Ces règles, qui évoluent tous les deux ans via l’International Quidditch Association (IQA), vont aller « encore plus loin dans l’inclusivité », appuie Mélanie, qui est également poursuiveuse. « On aimerait que le règlement passe à trois personnes de même genre maximum sur le terrain. C’est aussi un moyen de mettre en avant qu’on ne joue pas que sur deux genres et qu’il est nécessaire d’évoluer sur ces questions-là. » Le quidditch est l’un des rares sports qui reconnaît la non-binarité.

La mixité fait donc partie de l’identité du quidditch, notamment à Lyon où « beaucoup font partie de la communauté LGBTQIA + », précise Mélanie. Parmi les 30 personnes licenciées de cette saison, nombreuses sont celles qui ont intégré et sont restées dans l’équipe spécifiquement pour l’inclusion. C’est le cas de Clara, à la présidence du club, qui affirme : « Je peux vraiment être moi-même. » Les Crookshanks ont d’ailleurs signé en février la Charte pour favoriser l’inclusivité, tout comme les Copper Foxes de Metz.

Récemment, le club lyonnais a même initié un système de « brassards de genre », sur une idée de Jules, poursuiveur. Il développe : « Le but est de proposer quelque chose qui évite le mégenrage [action, volontaire ou non, de désigner une personne par un genre qui ne correspond pas à son identité de genre], car j’en ai été victime lors de différents matchs. » Ainsi, sur la base du volontariat, le ou la joueuse indique grâce à la couleur de son bandeau porté sur le bras, s’il ou elle se considère homme ou femme cis [qui se reconnaît dans genre assigné à sa naissance], non-binaire [qui ne se reconnaît pas comme strictement femme ou strictement homme] ou agenre [qui ne se reconnaît dans aucun genre], et les pronoms à employer pour le ou la définir.

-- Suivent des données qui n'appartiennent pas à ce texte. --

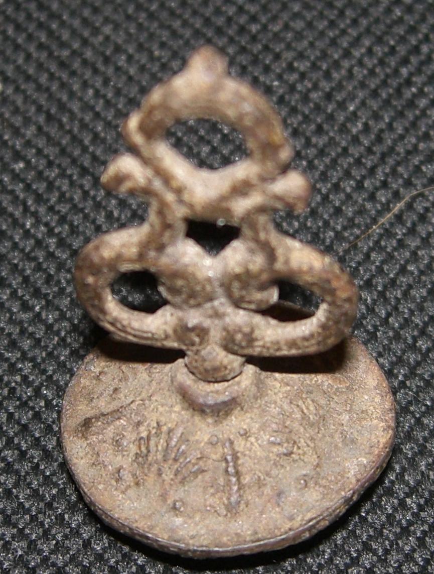Стекло, 18-й век. Массовое производство на различном стекле и в различных вариациях, подражающих геральдике. Лично у меня точно такая же есть и на стекле такого же цвета. Только ручки нет. Характерно для подобного вида печатей - очень хрупкая спайка ручки с матрицей. Из двух десятков подобных с различными сюжетами у меня только три с сохранившимися ручками. Именно этим эта мне и интересна. 40 баксей.
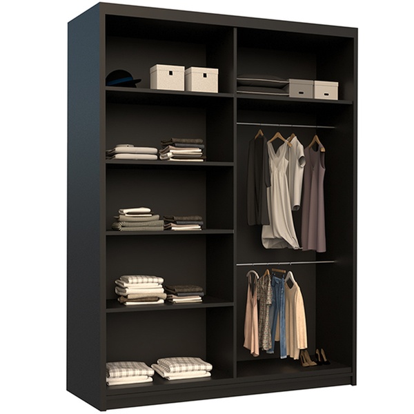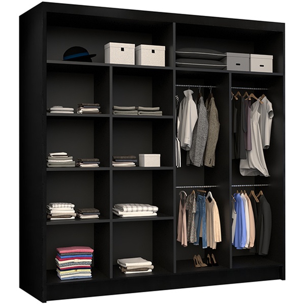 - 2 sliding doors, 10 shelves, 4 hanging rail
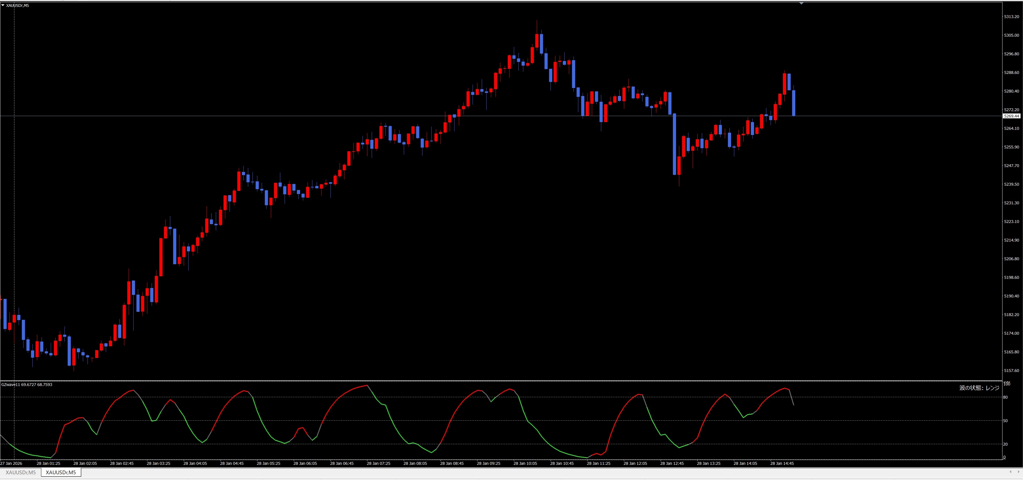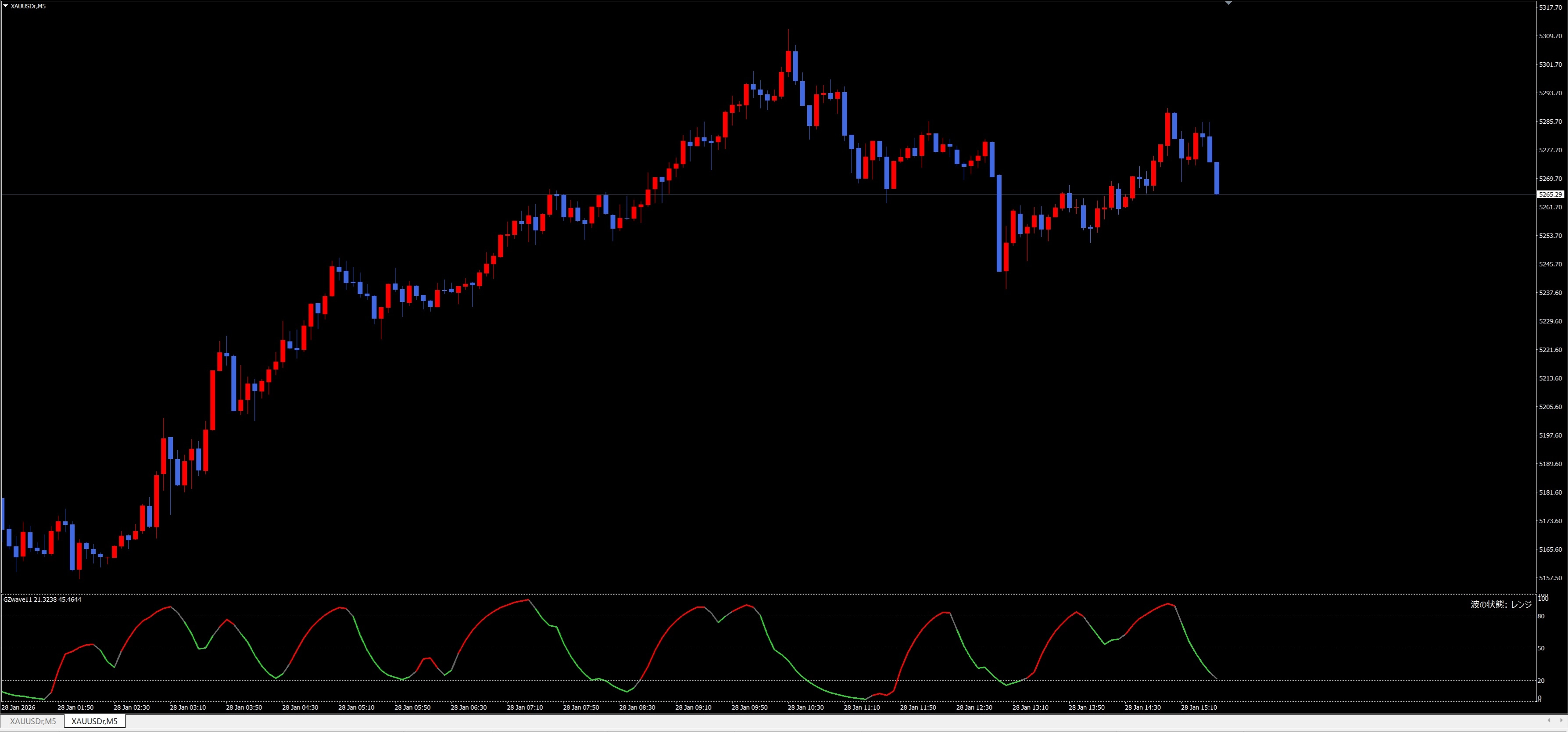 こちらのインジケーターは XAU(ゴールド)専用 として設計されており、5分足での使用を推奨しています。
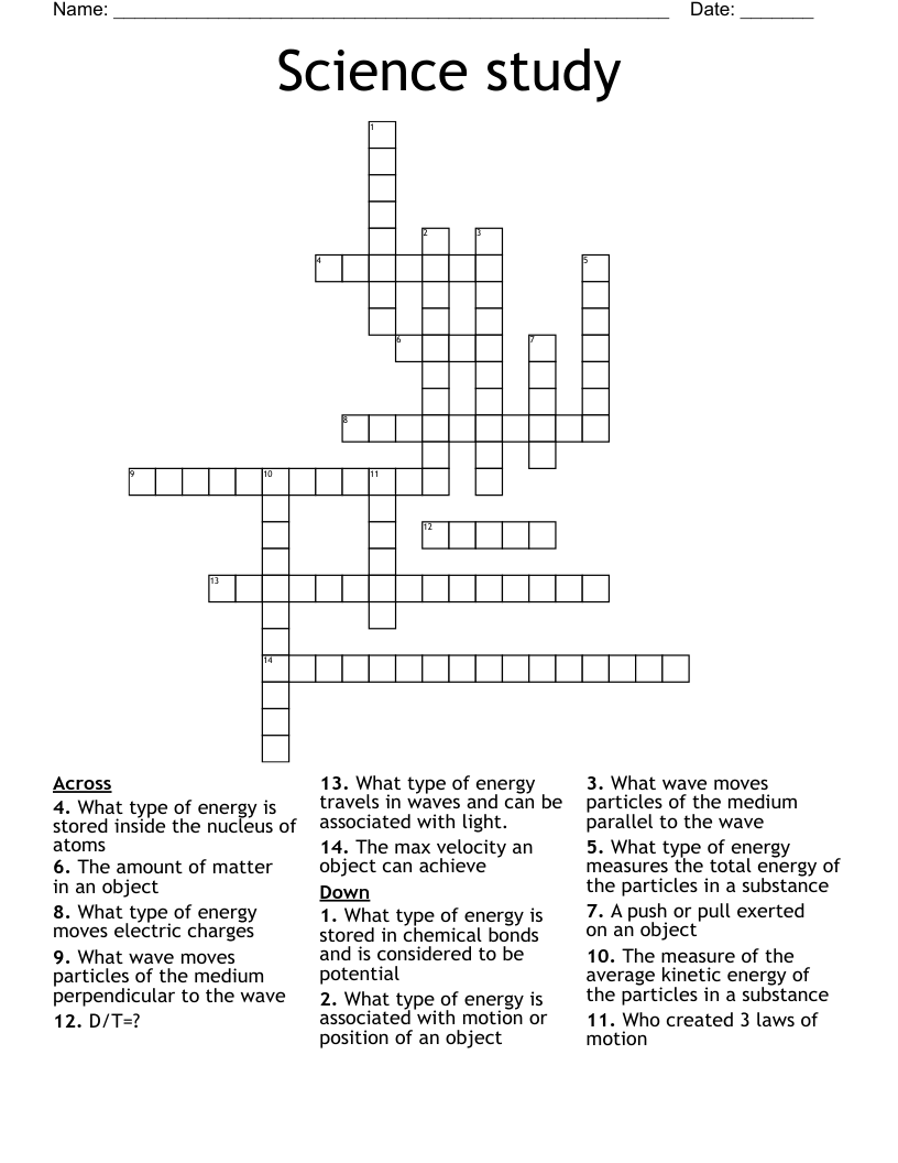 Science study Crossword WordMint
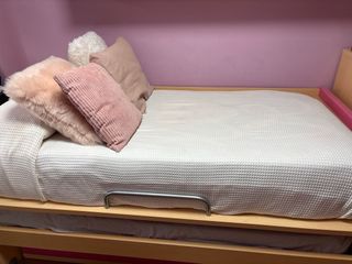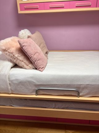 Cama nido doble con espacio de almacenamiento. - Estructura de madera. - Cajones integrados para guardar objetos. - Acabado en color rosa y marrón.

« Un gros doigt d’honneur fait à » J.K Rowling

« La Fédération du quidditch français a décidé de nous soutenir et a financé l’achat de brassards pour les autres équipes, poursuit Mélanie. Ce dispositif a même été déployé lors d’une compétition européenne. Cette proposition a permis de lancer une réflexion plus large et, ainsi, continuer de construire une discipline la plus inclusive possible. » A son échelle, l’équipe lyonnaise a également effectué des temps de sensibilisation de ses membres aux questions de genre et de sexualité.

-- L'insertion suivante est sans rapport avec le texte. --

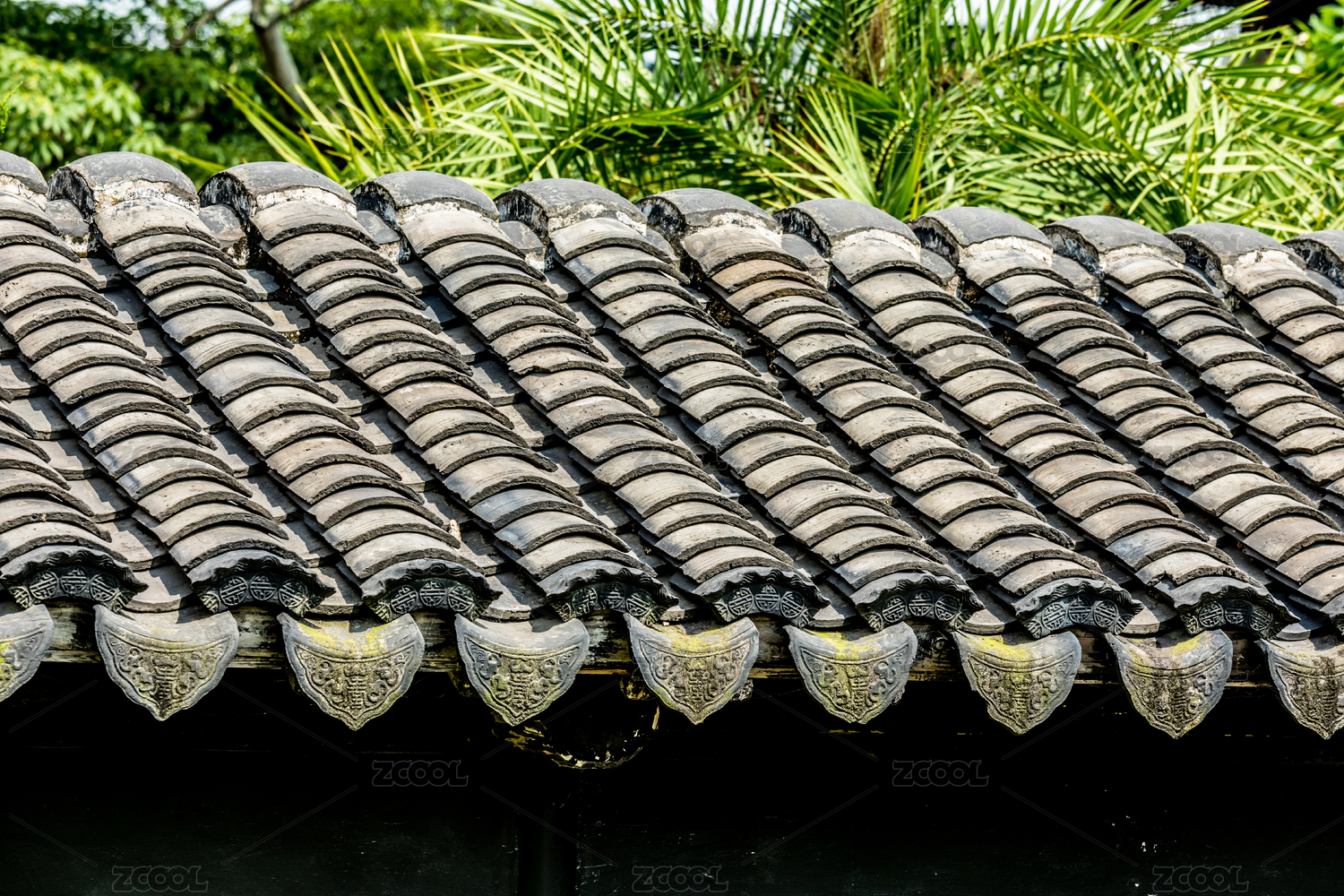 中式园林建筑屋檐瓦当特写
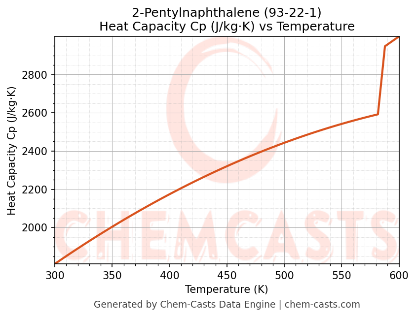 - Specific heat capacity (Cp) indicates the amount of energy required to raise the temperature of 2-Pentylnaphthalene and is critical for energy balance and heat-exchanger design.
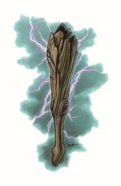 This club is splintered and burnt, taken from a tree set aflame by lightning.
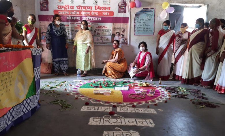 होली के पकवानों की तैयारी के बीच पोषण की खुश्बू भी देखने को मिल रही हैं. शनिवार को जिले के मनेर प्रखंड स्थित बाल विकास परियोजना के द्वारा पोषण पर लोगों को जागरूक करने के लिए विभिन्न कार्यक्रमों का आयोजन किया गया, जिसमें पोषण पखवाड़ा के तहत एक तरफ़ आंगनवाड़ी कार्यकर्ताओं ने रैली निकाली. वहीं पोषण पर अलख जगाने के लिए जागरूकता रथ भी रवाना किया। साथ ही आंगनबाड़ी कार्यकर्ताओं द्वारा “आपकी सेहत, आपकी थाली” थीम पर बनाई गयी रंगोली भी आकर्षण के केंद्र रहे. रंगोली के माध्यम से लोगों को बेहतर पोषण की जरुरत पर संदेश दिया गया.

C’est dans ce contexte qu’il a donc paru évident de se dissocier de J.K Rowling. L’IQA avait déjà déclaré en juillet 2022 délaisser définitivement le terme « quidditch » pour celui de « quadball ». En France, la Fédération adoptera le nouveau nom après le tournoi de ce week-end à Lyon. « C’est important de se séparer de J.K Rowling pour garder les valeurs du sport que les fans ont construit, indépendamment d’elle et de son œuvre », appuie Mélanie.

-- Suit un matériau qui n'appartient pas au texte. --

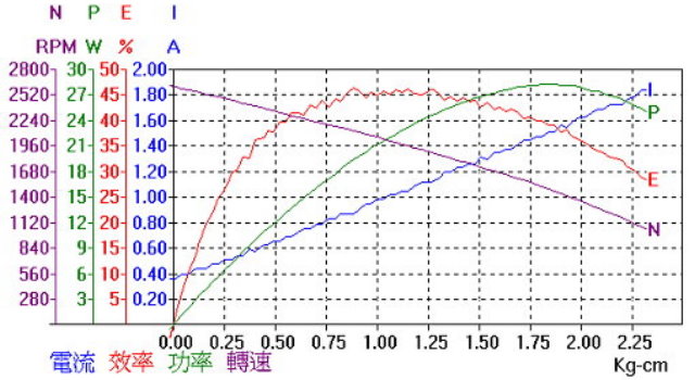 | 電壓 | 電流 | 轉速 | 轉矩 | 入力 | 出力 | 效率 | |
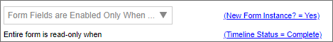- Think carefully about when the Form's data fields should be editable by users. There are two properties on the Properties tab of the Form definition that control this: Form Fields are Enabled Only When and Entire Form is read-only when. In general, Form fields should be enabled for new form instances, but disabled in all other contexts. If form information does need to be edited, specify the field that should be edited during the process, and when editing is to be allowed, via visibility conditions on the appropriate fields. Section controls are extremely helpful here, because you can place the editable controls in their own Section, and enable or disable the Section control to enable/disable its constituent controls. Similarly, once the process is complete, the entire Form should be set to read-only, so that it cannot be edited after the process has completed.

Elle indique toutefois qu’il était nécessaire de trouver de nouveaux termes également en raison des droits qui appartiennent à la Warner Bros. « Modifier le nom du sport, je le vois comme un gros doigt d’honneur fait à l’autrice, sourit Jules. On s’est réapproprié son concept et on en a fait ce qu’elle déteste. Les personnes trans jouent en toute liberté, dans un lieu safe, entourées de bienveillance. » Et le poursuiveur de raconter à quel point les Crookshanks ont été importants pour lui : « J’ai fait ma transition au fil des saisons. Le terrain de quadball a été le seul endroit où je n’ai pas ressenti de jugement. J’y ai reçu énormément de soutien. C’est pour ça que ce sport aura toujours une place particulière dans ma vie. »

C’est quoi le quidditch-quadball ?

D’abord créée en 2005 aux Etats-Unis par des étudiants fans d’Harry Potter, la pratique est arrivée dans l’hexagone en 2011. Elle est encadrée par la Fédération du quidditch français (FQF) depuis 2013 qui fait le lien avec l’association internationale. Actuellement, le championnat regroupe 16 équipes adultes et trois juniors et plus de 200 joueuses et joueurs. Le quadball, qui mélange handball, rugby et balle aux prisonniers, se joue en deux équipes de sept et impose de ne pas avoir plus de quatre personnes de même genre dans la même équipe sur le terrain. C’est le seul sport collectif de contact qui rend obligatoire la mixité et qui reconnaît la non-binarité.